All bed bugs were starved for 7–10 days prior to feeding or topical application assays. We used adult males because they were more readily obtained and their physiological state is relatively independent of reproductive cycles. In comparison, we also tested first instar nymphs because they are much smaller and therefore take a much smaller blood meal.

2.2 Measurement of blood meal volume

Starved adult male bed bugs (5 males per replicate, 5 replicates, total n=25) and first instar nymphs (10 per replicate, 5 replicates, total n=50) were placed into 4 mL glass vials and weighed prior to feeding.
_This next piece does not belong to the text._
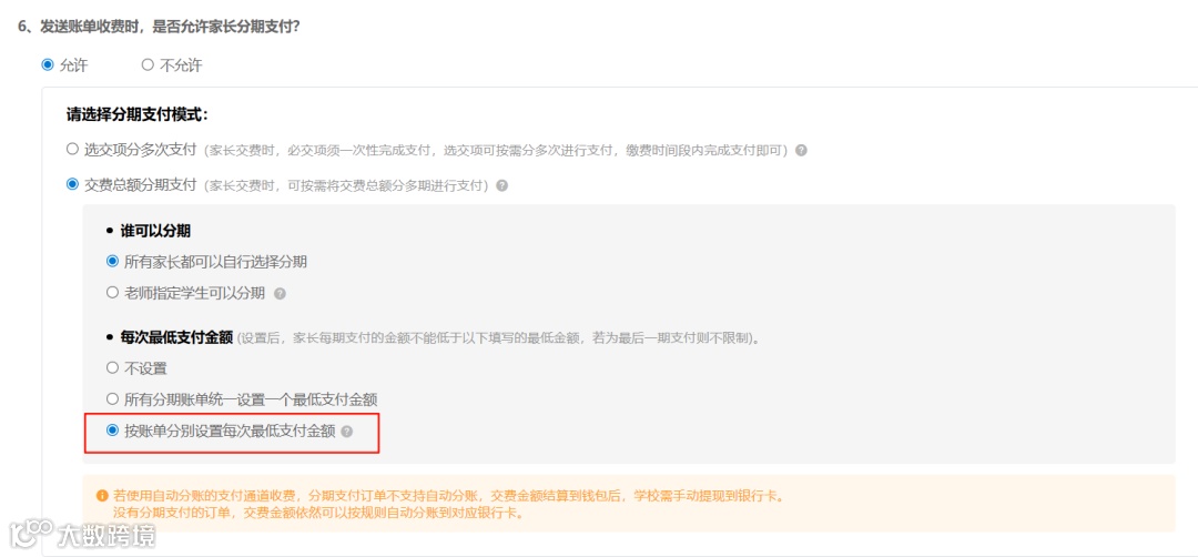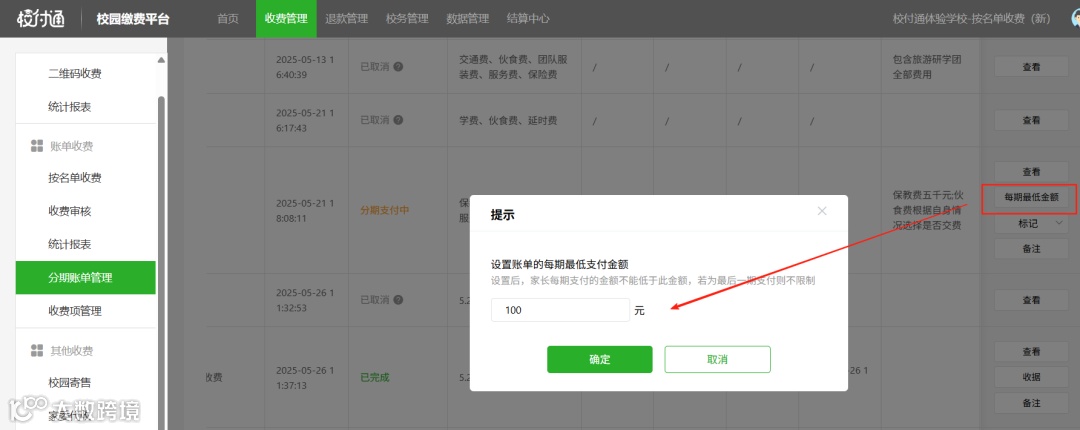 鉴于账单收费中不同学生收费标准存在差异,为更好地发挥分期支付功能的优势,分期支付统一设置最低支付金额扩展为支持按账单设置最低支付金额。这种更灵活的分期支付方式,能应对更复杂的收费场景,有助于提高家长的支付积极性,同时加强学校的收费管理。

They were allowed to feed for 10 min on defibrinated rabbit blood. Only fully fed individuals (determined visually) (Fig. 1D) were then reweighed and the mass gain per individual was adjusted by the number of individuals that fed. We converted mass to blood volume without making any corrections for the specific gravity of blood. However, assuming a specific gravity of blood of 1.0506 at 37°C,46 our volumetric estimates may be inflated by ∼5%.
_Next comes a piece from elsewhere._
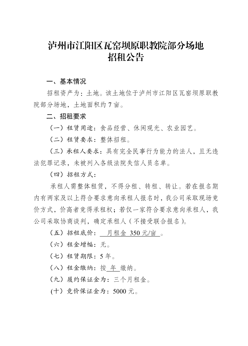 瀘州市江陽區(qū)瓦窯壩原職教院部分場地招租公告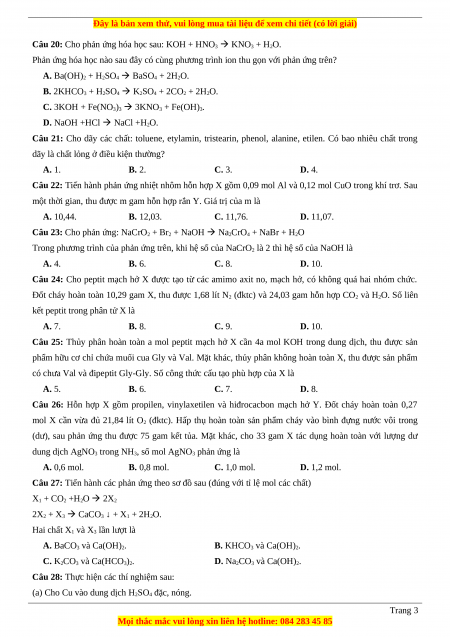 Câu 21: Cho dãy các chất: toluene, etylamin, tristearin, phenol, alanine, etilen. Có bao nhiêu chất trong

2.3 In vitro feeding assays

2.3.1 Dimethyl sulfoxide (DMSO) dose response

DMSO was used as the vehicle for all insecticides. Various amounts of DMSO were added to defibrinated rabbit blood to obtain final concentrations of DMSO of 0% (blood only), 0.25%, 0.5%, 0.75% and 1%. Only adult males were used in this assay. We used 3 replicates of 10 males for each concentration of DMSO. Each replicate was placed in a 4 mL glass vial with a strip of Manila folder (clinging substrate) that reached the top of the vial to facilitate feeding.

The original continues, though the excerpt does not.